The St. Lucie Legends was one of the eight original baseball franchises that played in the Senior Professional Baseball Association in 1989. The club played its home games at the then recently inaugurated Thomas J. White Stadium, located in Port St. Lucie, Florida.

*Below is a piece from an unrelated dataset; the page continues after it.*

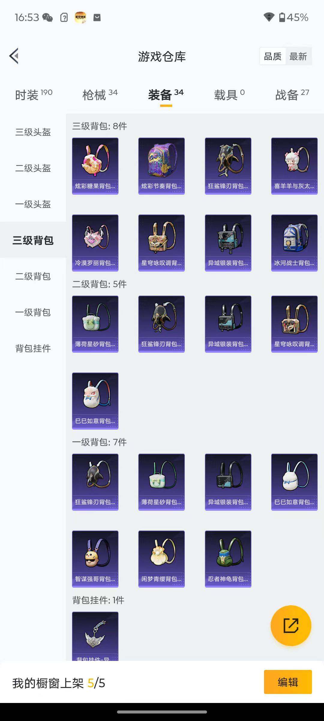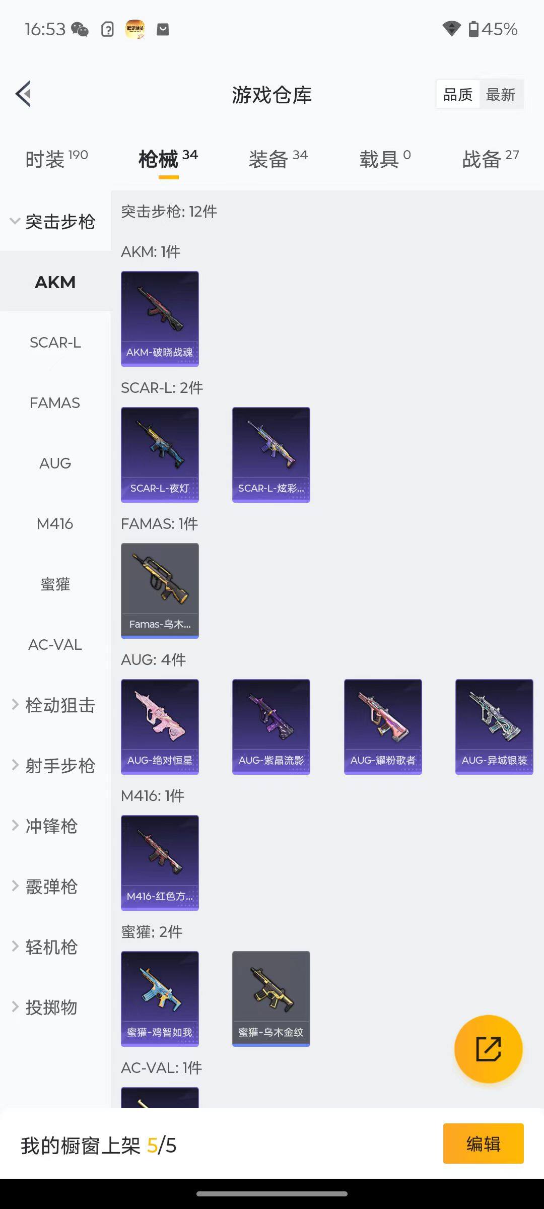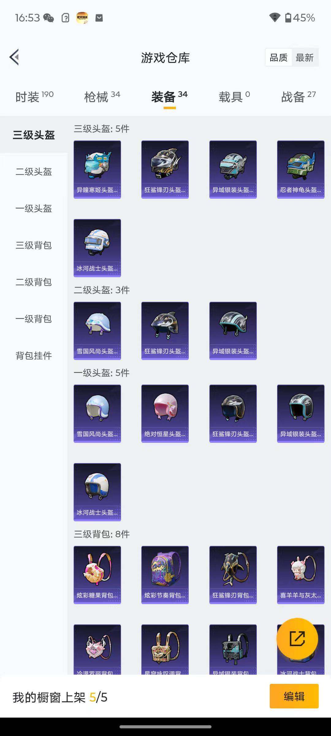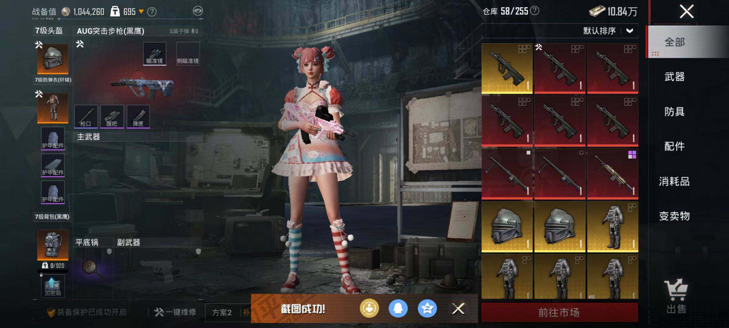 6273-0粉装-2特效呛-0载具-1粉色飞行器-10012热力值-1王牌印记-39套装-34呛皮 【粉色呛皮等级】:kar98k-巳巳如意五级,dp-28-豹影疾电四级 【粉色呛皮】:kar98k-巳巳如意,dp-28-豹影疾电 【粉色降落伞】:极意拳锋降落伞 【稀有套装】:套装-巳巳如意,套装-雪国风尚,套装-蓝海鲸歌 【稀有呛皮】:akm-破晓战魂,scar-l-夜灯,sca

The Legends featured players such as Vida Blue, a former American League MVP and Cy Young Award winner, as well as National League MVP George Foster and perennial All-Stars Bobby Bonds and Graig Nettles, who signed on as player-manager. Nevertheless, the Legends were an awful team that lost 20 of their first 23 games, which cost Nettles his manager's post, being replaced by Bonds for the remainder of the season.

The Legends finished the season with an overall record of 20–51 and did not make the playoffs. Juan Beníquez led the team with a .359 batting average, while Willie Aikens and Foster belted 11 home runs apiece.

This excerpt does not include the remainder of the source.